I was sitting in the house this afternoon when I heard the door open and an army of little feet clomping across our wood floors. The rhythmic thumping of those little feet is the happiest sound on earth to me. It signals that the little people have arrived, and with them comes all of the sounds and energy and drama and laughter and love that their personalities provide for the Papa in me.
Today was the 10th Anniversary of the home-going of Josiah Lee Herring, my grandson who passed on to heaven just shy of his 5th birthday. It’s hard to believe that a decade has passed. We spent the day together as a family. We ate at his favorite restaurant, visited the cemetery, and watched videos of his life. It was beyond a blessing to hear his voice again and to laugh at his antics. His full-speed-ahead personality made me smile because I loved him, and weep because I missed him.

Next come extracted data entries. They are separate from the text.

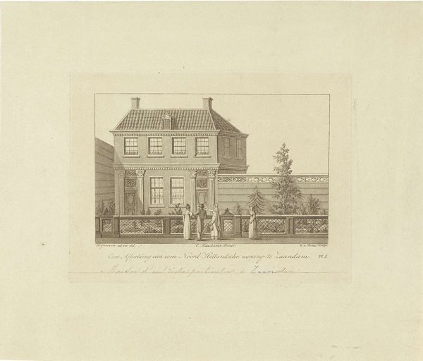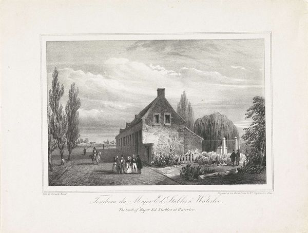 Curator: This print, attributed to V. Lignian and dating from between 1820 and 1850, is titled “Graf van Edward Stables te Waterloo,” or “Tomb of Major Edward Stables at Waterloo.” It appears to be an engraving. Editor: My first thought? Peaceful. And melancholy, in a way. It has the hushed feel of a place left behind, though it has a certain beauty, don't you think? Curator: Certainly. The composition, divided neatly into thirds, horizontally and vertically, balances the weight of the architecture with the ethereal sky. Notice the meticulous cross-hatching, a typical technique for creating tonal variation in engravings. The image invites semiotic reading regarding commemoration and the stoicism associated with neoclassical ideals. Editor: True, I see the neoclassical elements… but something about that drooping tree—it pulls at you, doesn't it? It almost hides a little fenced-off enclosure, like it's keeping a secret. A rather sorrowful secret. And those animals up front, do they represent…stability? Curator: Intriguing interpretation. Formally, the animals do provide a grounded foreground, juxtaposed with the geometric rigidity of the buildings. This tension serves to question our preconceived notions regarding life versus death. Editor: And there are these seemingly rough textures in the building against a calm skyline, creating, perhaps, tension or contradiction. Is it simply documenting the Tomb of Major Stables? What does it *mean* to draw an old building at all? Curator: Precisely. The tension underscores the complex relationship between the concrete and the abstract, historical specificity and universal themes, allowing for varied responses such as ours. Editor: So, at the end of our musings, it seems to me this simple print resonates with an intriguing power. Beyond its classical facade and somber presentation. Curator: A well-conceived impression indeed. I conclude that its inherent compositional complexities offer far more than a simple commemorative image.
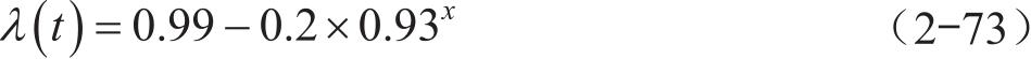 该遗忘因子随时间变化曲线如图2-9所示。本书中整车质量这个参数符合上述特征,将采用式(2-73)表示的遗忘因子作为第一个遗忘因子 λ 1 ,第二个参数坡度采用固定遗忘因子 λ 2 ,即采用带可变多遗忘因子的递推最小二乘法对整车质量及坡度进行联合估算。
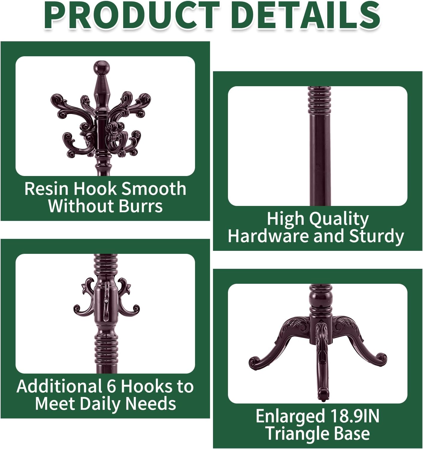 - STURDY AND STABLE STRUCTURE: The chassis of the wooden coat rack adopts a high quality resin and enlarged triangle base, which is stable and does not shake. The main pole diameter of 3.54inch, which is thick and sturdy and can bear 300 LBS
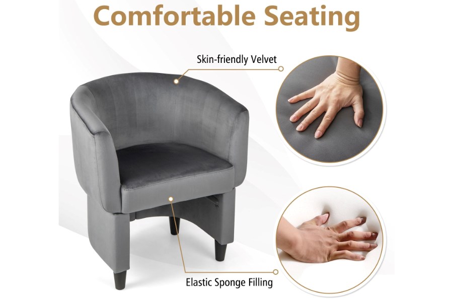 Modern Design. Curved Backrest and Armrests. Elastic Sponge Filling. Anti Slip Foot Pads. Weight Tested to 150kg

Looking back over this past decade, I am so grateful that God has sustained our family and brought healing to the ragged edges of our loss. I am so deeply thankful for His sustaining grace in Jason and Suzie’s and Jason Jr.’s life, and how He was there in the valley of the shadow of death with them. He still is. I do not mean to suggest that all pain is gone and that sorrow and tears have been banished – those are to be embraced rather than shunned. Isaiah 53:3 says that Jesus is a “man of sorrows, acquainted with grief.”
The notion that suddenly (or eventually) the sorrow somehow dissipates is a fable that has been created by the empty slogans of people who have never suffered deep loss. Why do we feel ashamed of sorrow as though it is some sort of leprous emotion? Why do we hide our tears when our Savior wept openly at the death of a friend? The ability to sorrow and weep is a gift from God and is a sure sign of a living heart and a greater love. The pain remains and the tears come like rogue waves, but God has somehow enabled us all to live through the unthinkable. We are here. We live on in our sorrow and with our pain. We live in His grace.
As I heard those little feet and the excited voices of my grandkids who so wonderfully invaded my house tonight, I longed to hear one more set of feet and one more voice that I have not heard now for 10 long years. In all of the joy of tonight’s noise, the silence of his absence was tangible. For now I must be reminded by home videos and pictures, but one glorious day I will see Josiah again.